Task — What you output must match the entries exactly, apart from the pictures, which are left out.

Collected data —
○ ○ ○ ○ ○

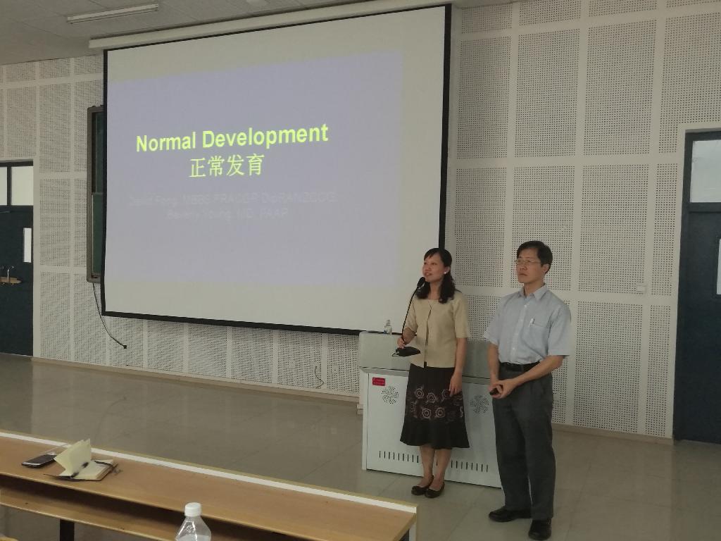 此次讲座,Dr. David全程用英文讲述了0-6岁儿童的成长发育历程和社交技能表症,并配以生动的图片为大家做以解释,何主任担任翻译。讲座结束后,Fong医生就同学们关心的问题进行回答和交流。
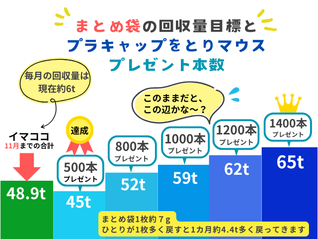 2026年1月末までにみなさんから戻してもらったまとめ袋の量に応じて、応募者にプレゼントする数が決まるしくみ。 たくさん戻せば戻すほど当選確率もアップします。
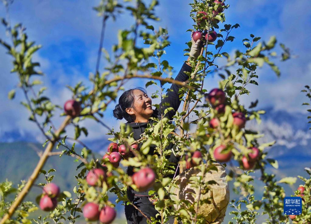 10月20日,村民在四川甘孜鄉城縣青德鎮萬(wàn)畝果園里采摘蘋(píng)果。
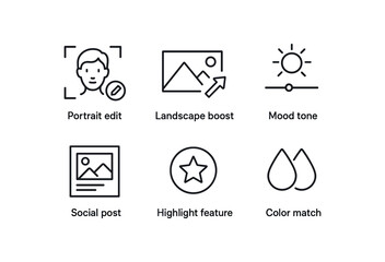 simple outline stroke icon items digital photo filter (uses): portrait edit landscape boost mood tone social post highlight feature color match monoline icons style isolated on white
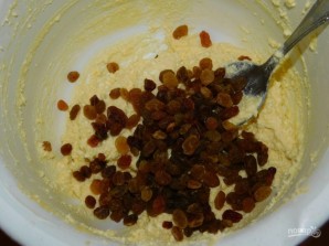 добавьте распаренный изюм. Перемешайте.
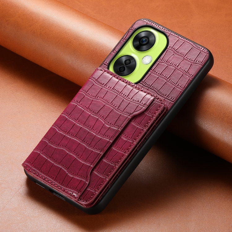 Funda para OnePlus Nord Ce 3 Lite Denior con Textura de Cocodrilo y Bolsa de Tarjeta (Rojo)
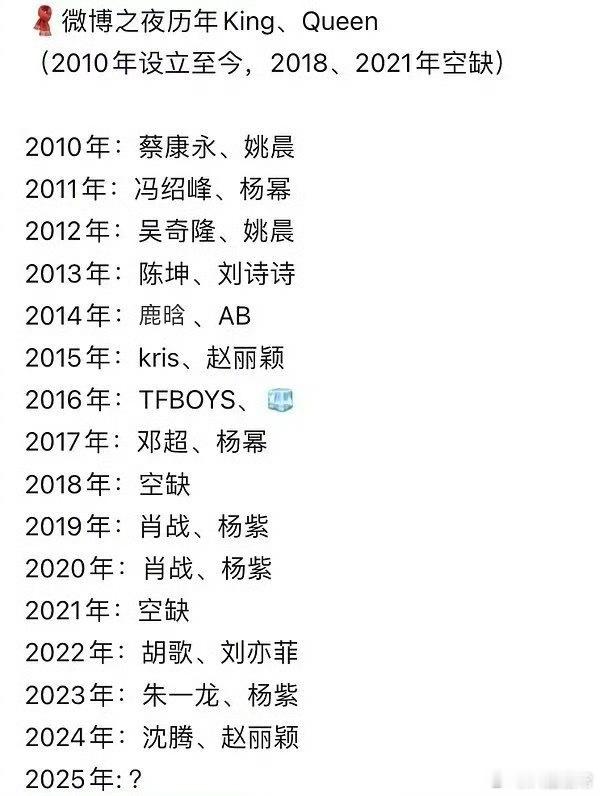 2025年微博之夜要来了,谁会是2025年的微博KING&QUEEN?历年三封

○ ○ ○ ○ ○

Solution below —
 此次讲座,Dr. David全程用英文讲述了0-6岁儿童的成长发育历程和社交技能表症,并配以生动的图片为大家做以解释,何主任担任翻译。讲座结束后,Fong医生就同学们关心的问题进行回答和交流。
 2026年1月末までにみなさんから戻してもらったまとめ袋の量に応じて、応募者にプレゼントする数が決まるしくみ。 たくさん戻せば戻すほど当選確率もアップします。
 10月20日,村民在四川甘孜鄉城縣青德鎮萬(wàn)畝果園里采摘蘋(píng)果。
 simple outline stroke icon items digital photo filter (uses): portrait edit landscape boost mood tone social post highlight feature color match monoline icons style isolated on white
 добавьте распаренный изюм. Перемешайте.
 Funda para OnePlus Nord Ce 3 Lite Denior con Textura de Cocodrilo y Bolsa de Tarjeta (Rojo)
 2025年微博之夜要来了,谁会是2025年的微博KING&QUEEN?历年三封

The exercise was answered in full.